KALP FİNAL (1. PART)(DÜZENLENDİ)

191 19 10
                                    



KALBİN İKİ RENGİ FİNAL PART 1

1 HAFTA ÖNCE OLAY GÜNÜ

Malik ölmüştü. Tüm hayatını cehenneme çeviren, Poyraz'dan masumiyetini, duygularını alıp onu bir hissizlik duvarına çeviren adam artık yoktu. Ama ölürken bile Poyraz'ı tam bir idam kapanının ve kazanılması nerdeyse imkansız bir savaşın içinde bırakmıştı. Poyraz artık sürekli mücadele etmekten çok yorulmaya başlıyordu. Aldığı her nefes ona tonlarca ağırlıkta geliyordu. Ailesinden vazgeçiyor, onları bu dünyada yalnız bırakıyor olmak ise delip geçiyordu tüm benliğini. Yine de yapması gereken belliydi.

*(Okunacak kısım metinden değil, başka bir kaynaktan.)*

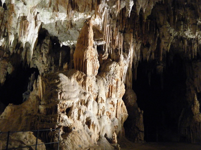 El castillo, metido dentro de una cavidad a 120 m de altura es una pasada. Construido en 1570, tuvo que ser restaurado en 1990 fortaleciendo los cimientos. Justo a sus pies hay una pista de “torneos de caballeros”, y es que con este escenario uno se imagina ya a los caballeros con las lanzas, recreación que se hace alguna vez. El castillo tiene tres plantas y una hora larga se puede echar paseando por sus salas. De ahí fuimos a las cuevas, que son de origen kárstico y miden al menos 20 km, de las más grandes de Europa. Dentro la temperatura es de 8º C, importante tenerlo en cuenta. Uno se hace una idea de su magnitud cuando coge el tren que lleva a la sala principal y recorre túneles durante cinco minutos.
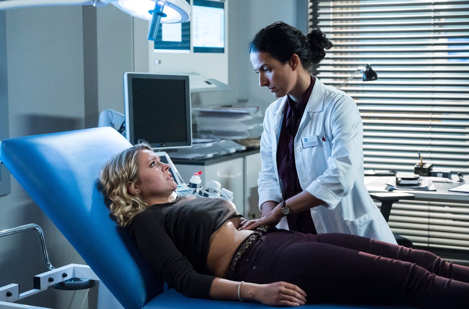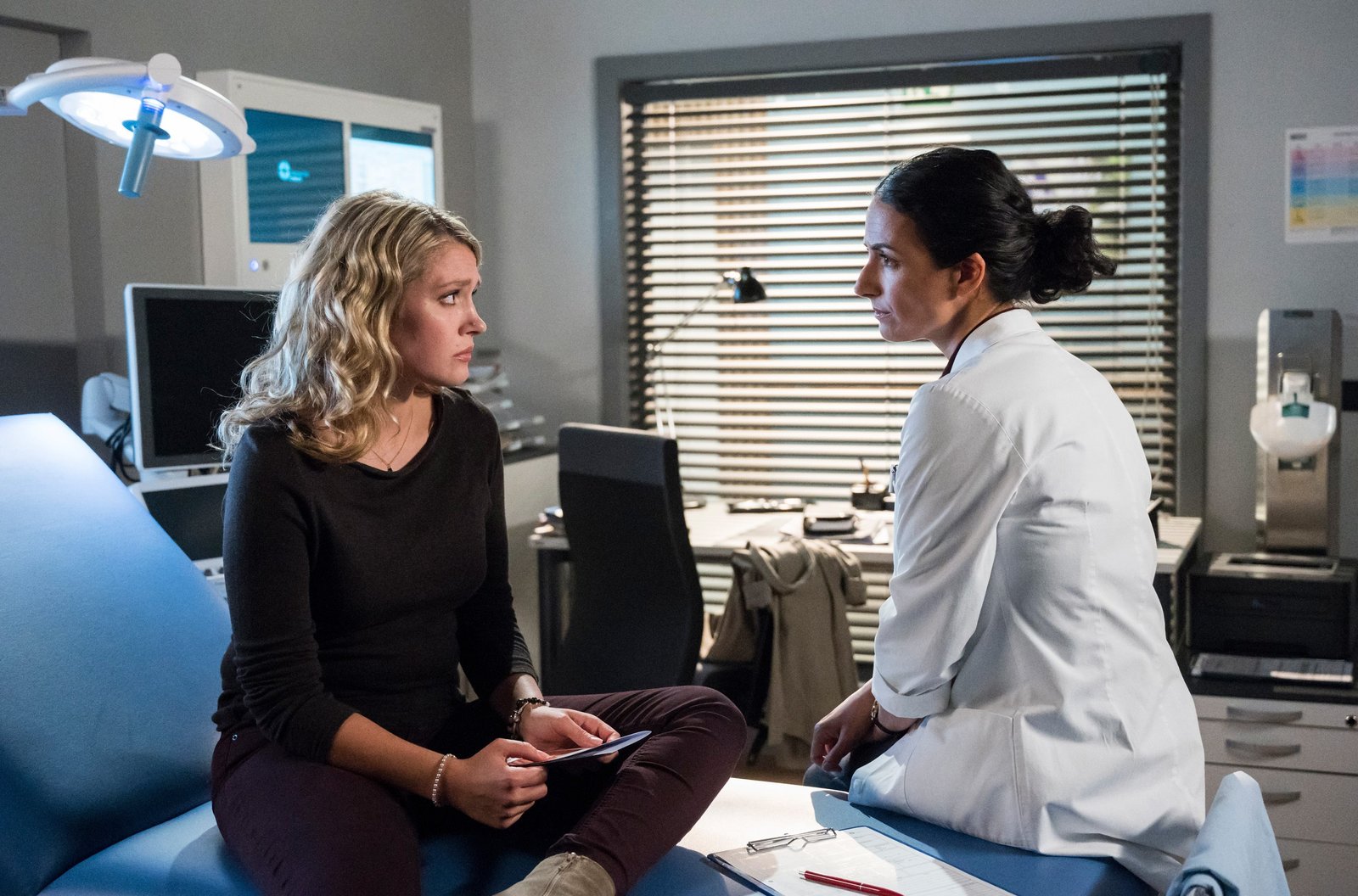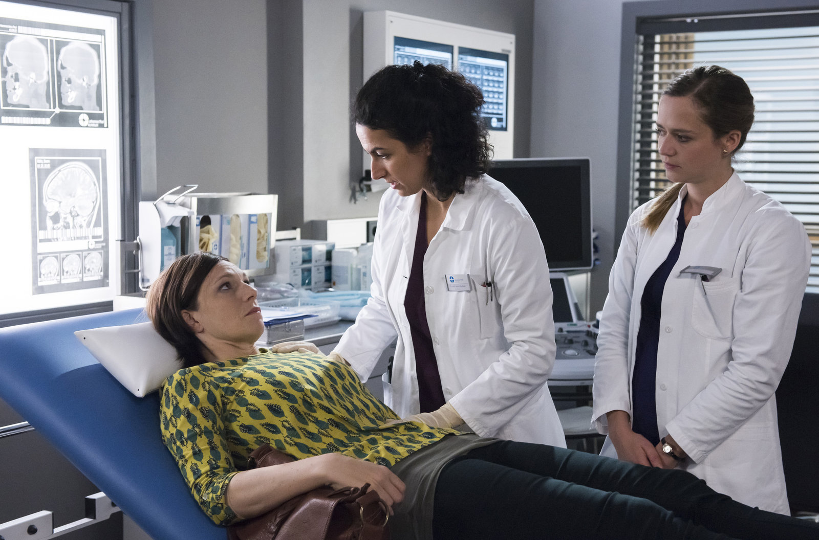 NotlösungenPia Krämer (Charleen Deetz, l.) ist eigentlich wegen ihrer Schwester im Klinikum. Aber auch ihr geht es nicht gut. Dr. Leyla Sherbaz (Sanam Afrashteh, r.) ahnt unter welchem Druck die junge Frau steht.Bild: © MDR/ARD/Jens Ulrich Koch

Poyraz'ın tüm karmaşası, isyanı ailesini kurtarma umudunun altında ezilip paramparça oldu. Bu gece olacak olan her şeyin sorumlusu değilse bile nedeni kendisiydi. Malik'i çok uzun zaman önce öldürebilseydi hiçbir şey bu noktaya gelmeyecekti ama nihayetinde gelmişti şimdi ise görünürde tek bir yol vardı.

Onu dinlediklerini bildiği için dostlarına hitaben "Sakin olun..." dedi. Oradaki karmaşayı bildiğinden, "Burası patladığında ilk yapacağınız şey onları otelin dışına çıkarmak olmalı. Hiçbiriniz onların güvenliğini sağlamadan buraya yaklaşmamalısınız." dedi.

Gözlerinin önü bulanıklaşınca görüşünü geri getirmek için başını iki yana salladı. Zehir hızla tüm vücuduna yayılıyordu. "Ben en az bir saat daha zehre dayanırım ayrıca patlama anında dış kapının oraya yaklaşmam en iyi çözüm olsa da bu beni öldürür."

Onlara söylediklerine rağmen Poyraz o kadar zamanının olmadığını da biliyordu. Vücudunun bir bölümü uyuşmaya başlamış, hissizlik ayaklarından bacaklarına doğru yavaş yavaş ilerliyordu.

"Ben 10 dakika sonra oteldeki bombaları imha etmiş olurum. Ondan sonra çok ama çok hızlı hareket etmeniz lazım. Malik'e güvenemeyiz ilk önceliğimiz Gül'ü ve diğerlerini oradan sessizce çıkarmak olmalı. Siz zaten bunun planını yapmışsınızdır." Dostlarının tecrübesine ve kriz yönetimindeki yeteneklerine güveniyordu. Zaten Emir Mirza durumun bu yönde ilerleyeceğini bildiğinden gerekli tedbirleri almıştı.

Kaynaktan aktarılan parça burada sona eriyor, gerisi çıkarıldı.